SINJOTECS LAMENTA FORMA COMO JORNALISMO ESTÁ A SER EXERCIDO NOS ÚLTIMOS 5 ANOS NO PAÍS
A presidente do conselho nacional do Sindicato dos Jornalistas e Técnicos de Comunicação Social (SINJOTECS), disse que nunca é visto antes, a forma como está a ser exercido o jornalismo nos últimos 5 anos no país.
Paula Melo falava hoje, em Bissau na cerimónia de abertura do segundo conselho nacional do Sindicato dos Jornalistas e Técnicos de Comunicação Social e o 15º encontro nacional das rádios comunitárias.
“ É exigida de nós uma actuação responsável, onde a ética e a deontologia devem estar acima de qualquer interesse, seja ele pessoal, de grupos ou outros.
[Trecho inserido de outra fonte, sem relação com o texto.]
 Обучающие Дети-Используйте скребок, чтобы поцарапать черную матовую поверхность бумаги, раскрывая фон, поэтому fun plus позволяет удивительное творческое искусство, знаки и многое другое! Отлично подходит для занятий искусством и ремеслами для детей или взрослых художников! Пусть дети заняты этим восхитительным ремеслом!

Nunca antes a profissão de jornalismo foi exercida neste país como nos últimos cinco anos, é triste” lamenta, avisando que um profissional de comunicação quando “ tem domínio de qualquer assunto” não deve abordá-lo, senão arrisca-se apenar “a desinformar” e não fazer o seu trabalho como profissional. “O nosso dever é produzir e publicar, emitir e difundir informações que são de qualidade profunda e esclarecedora”.
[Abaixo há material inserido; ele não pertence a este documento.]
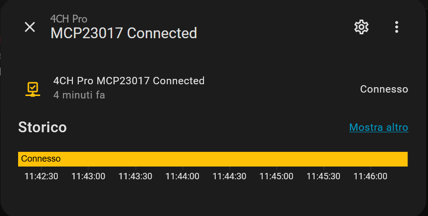 The issue is that even if the MCP23017 is disconnected or malfunctioning, all its entities (the switches) still appear in Home Assistant as fully available: I can turn them on and off without any warning or error.

A presidente do SINJOTECS, Indira Correia Balde, pediu aos profissionais de comunicação social a continuarem a fazer os seus trabalhos para o desenvolvimento do país.
“ Continuemos a trilhar o caminho de desenvolvimento porque também fazemos parte e, pedir mais uma vez aos colegas que no dia-a-dia de nosso trabalho observemos a ética e a deontologia profissional, que são princípio basilares da nossa profissão” realçou a sindicalista.
Para Indira Correia Balde a profissão de jornalismo é uma “ profissão ingrata”, e a cada dia exige de seus profissionais muita responsabilidade e encoraja a todos que no fim de cada dia façam um balanço dos seus trabalhos, porque “ só assim podem fazer um jornalismo responsável, contribuir para a democracia e a democratização do país”.
O conselho nacional do SINJOTECS teve como ordem do trabalho, apresentação de relatório e actividades anual, apresentação do plano de actividade perspectivado para o ano 2020, reflexão sobre o contributo da imprensa guineense nas últimas eleições realizadas no país, fraquezas e virtudes, exercício sobre abordagens e éticas e deontologia profissional, os desafios da imprensa guineense e ainda foi realizado uma conferência sobre monitorização de reformas prioritárias e políticas públicas.
No 15º encontro nacional das rádios comunitárias que vai começar os trabalhos no sábado, vão ser debatidos temas ligados ao quadro jurídico da Guiné-Bissau, lei de paridade contra a violência de género, papel das rádios comunitárias na gestão de conflitos comunitários, dinâmica da cooperativa, os desafios das rádios comunitárias e o funcionamento em rede e ainda gestão das empresas medias.